§ **EXERCISE**
Find the line with "make things to" in the entries below, then output every line from it down to the line with "通过成熟的自动化检测系统及安", exactly and with no pictures.

§ **SUPPLIED DATA**
____
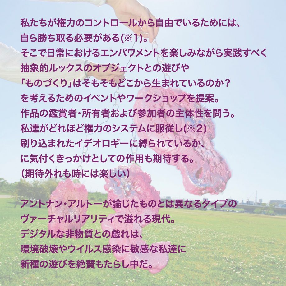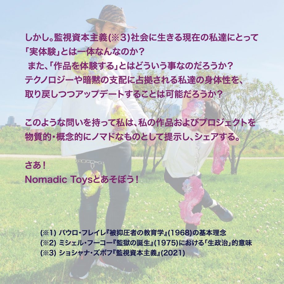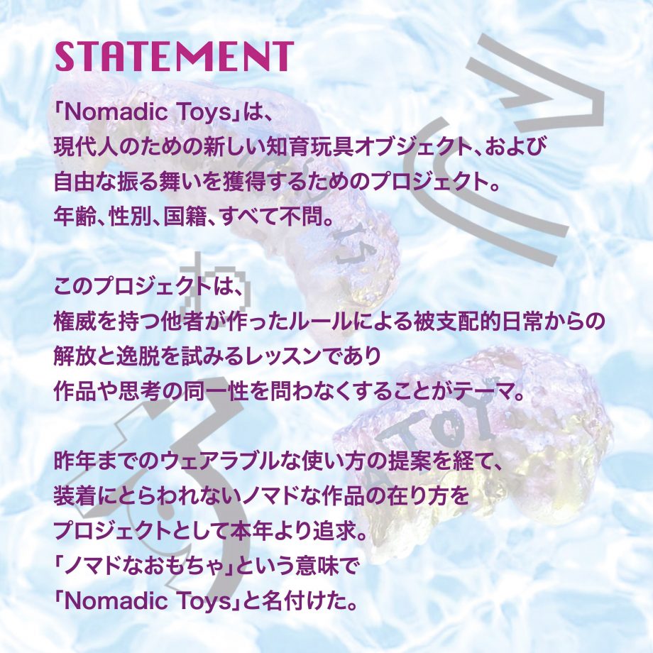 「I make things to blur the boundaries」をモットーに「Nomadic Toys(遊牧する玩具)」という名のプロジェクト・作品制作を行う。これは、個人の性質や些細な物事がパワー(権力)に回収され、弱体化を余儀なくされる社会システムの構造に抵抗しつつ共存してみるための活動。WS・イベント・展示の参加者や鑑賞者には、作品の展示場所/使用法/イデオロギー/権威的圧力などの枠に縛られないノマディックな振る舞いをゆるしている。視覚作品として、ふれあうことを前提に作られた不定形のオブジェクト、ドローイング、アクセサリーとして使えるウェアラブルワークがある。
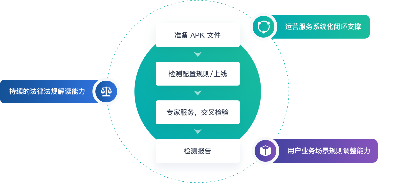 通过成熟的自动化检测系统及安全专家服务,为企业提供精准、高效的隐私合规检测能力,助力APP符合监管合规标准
____
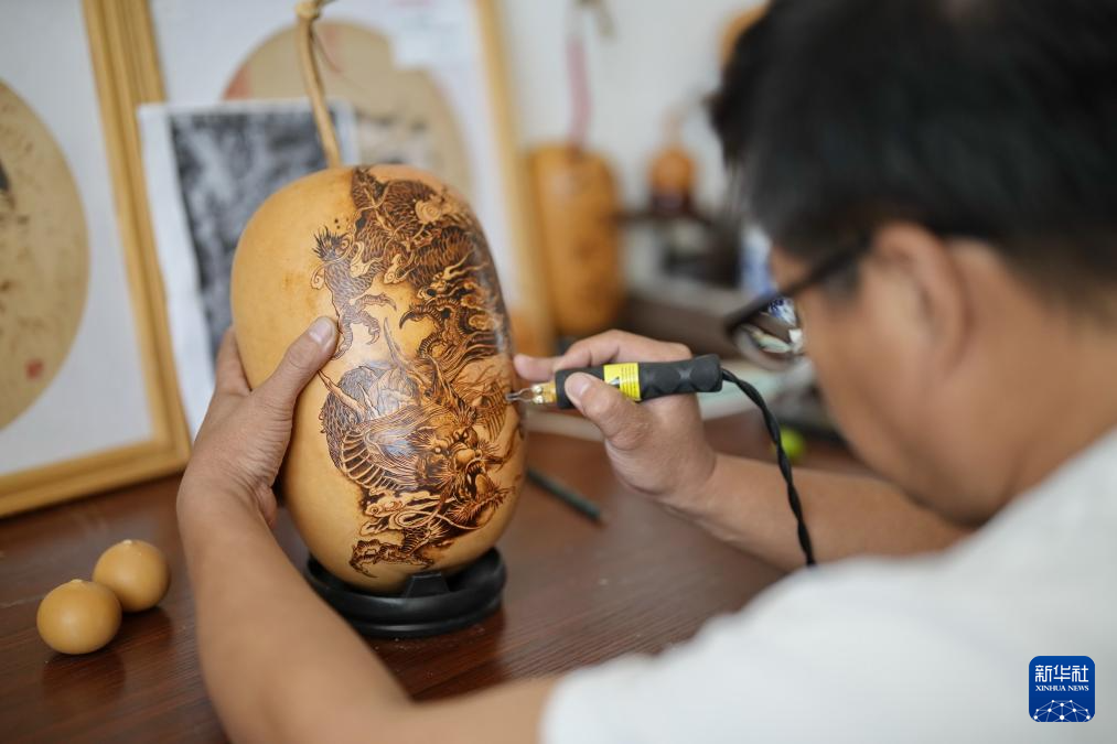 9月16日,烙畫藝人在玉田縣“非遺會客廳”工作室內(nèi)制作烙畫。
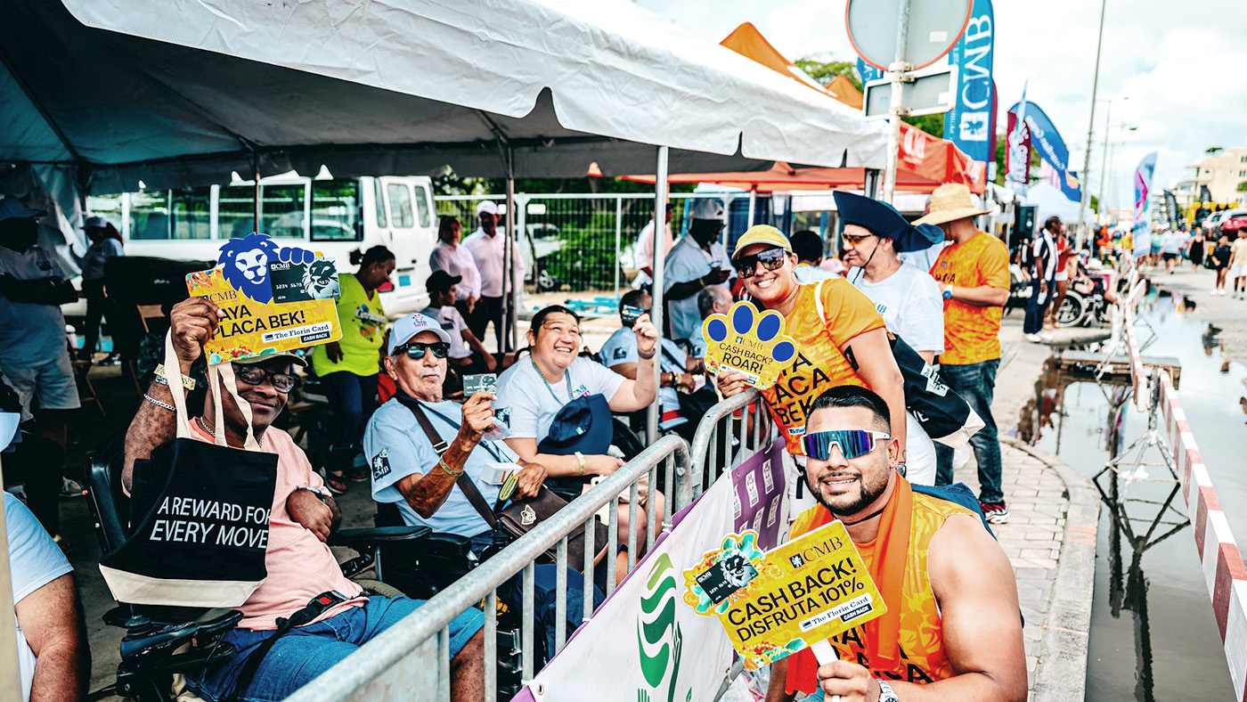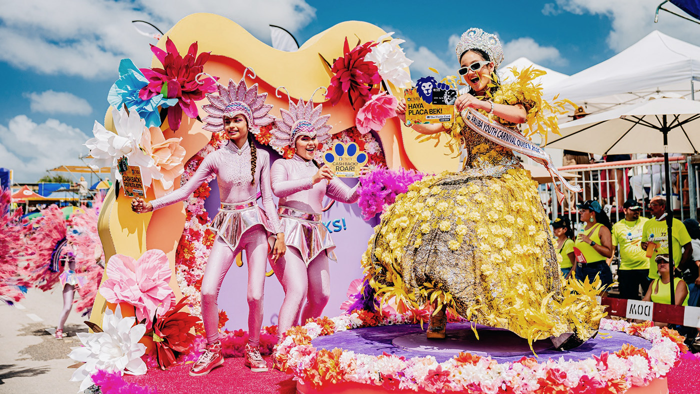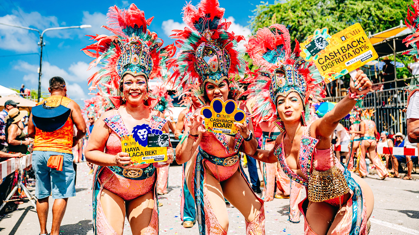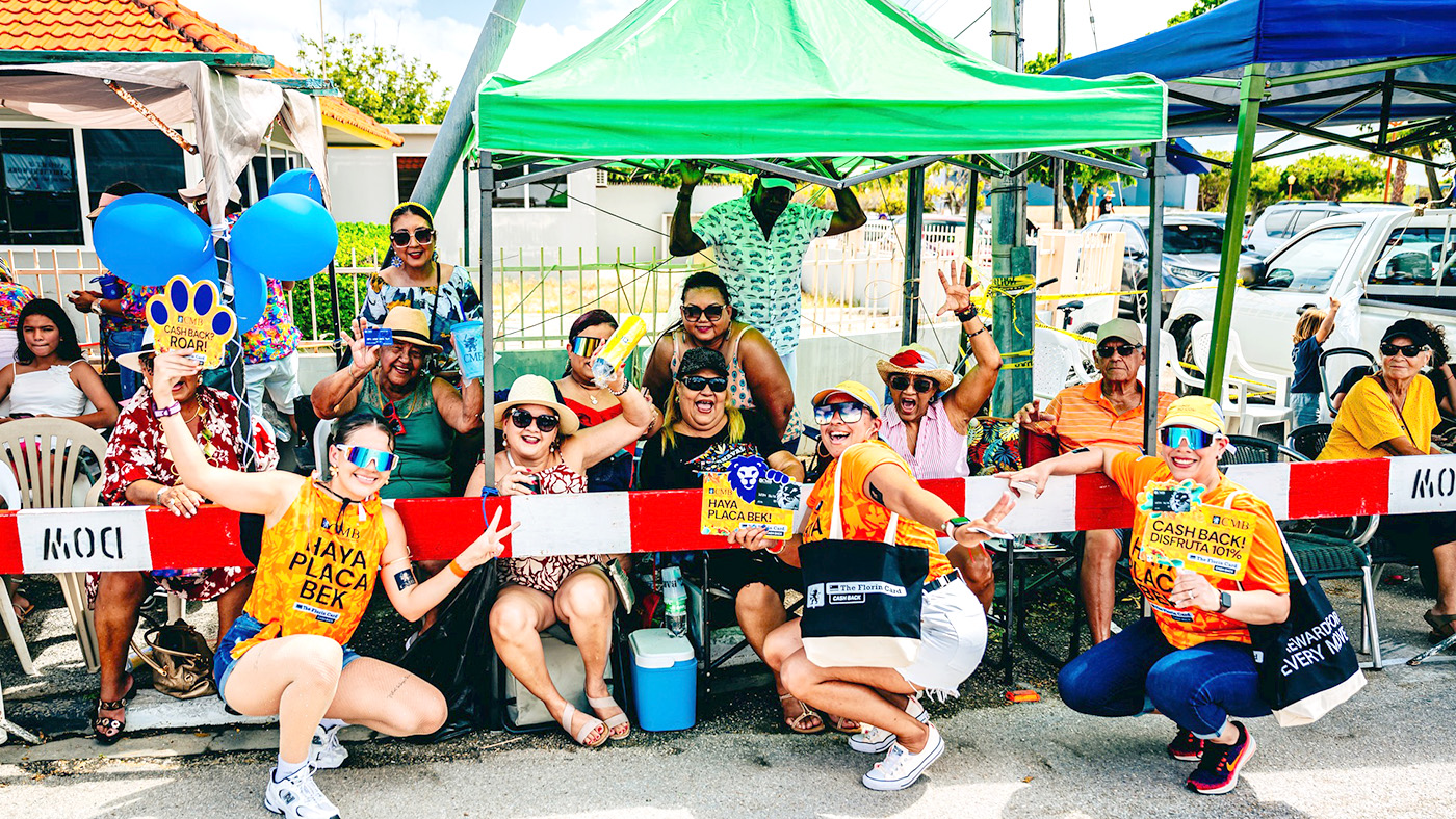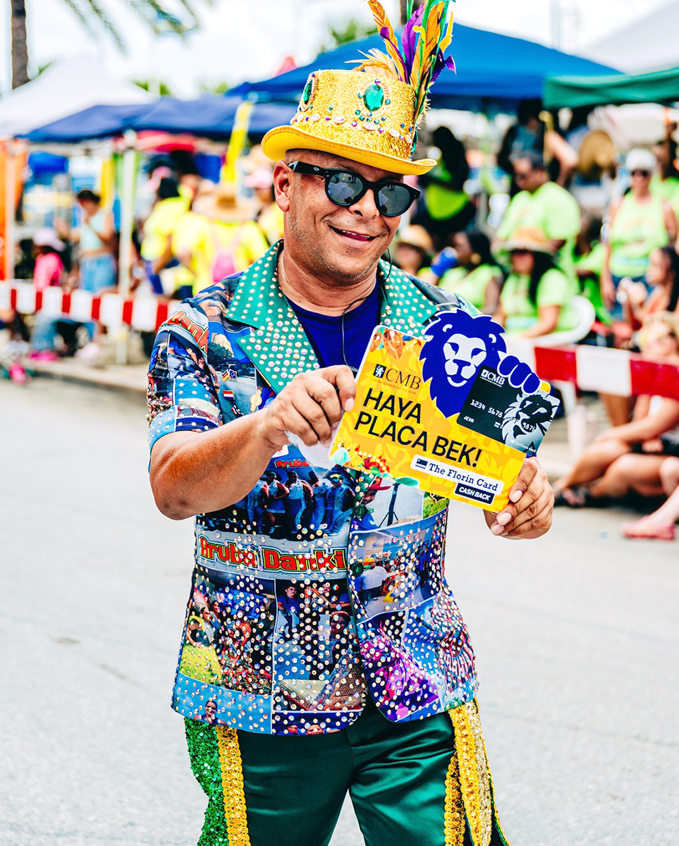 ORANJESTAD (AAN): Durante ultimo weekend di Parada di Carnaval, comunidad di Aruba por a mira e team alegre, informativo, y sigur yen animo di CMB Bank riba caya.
____
§ **ANSWER SPACE**
 「I make things to blur the boundaries」をモットーに「Nomadic Toys(遊牧する玩具)」という名のプロジェクト・作品制作を行う。これは、個人の性質や些細な物事がパワー(権力)に回収され、弱体化を余儀なくされる社会システムの構造に抵抗しつつ共存してみるための活動。WS・イベント・展示の参加者や鑑賞者には、作品の展示場所/使用法/イデオロギー/権威的圧力などの枠に縛られないノマディックな振る舞いをゆるしている。視覚作品として、ふれあうことを前提に作られた不定形のオブジェクト、ドローイング、アクセサリーとして使えるウェアラブルワークがある。
 通过成熟的自动化检测系统及安全专家服务,为企业提供精准、高效的隐私合规检测能力,助力APP符合监管合规标准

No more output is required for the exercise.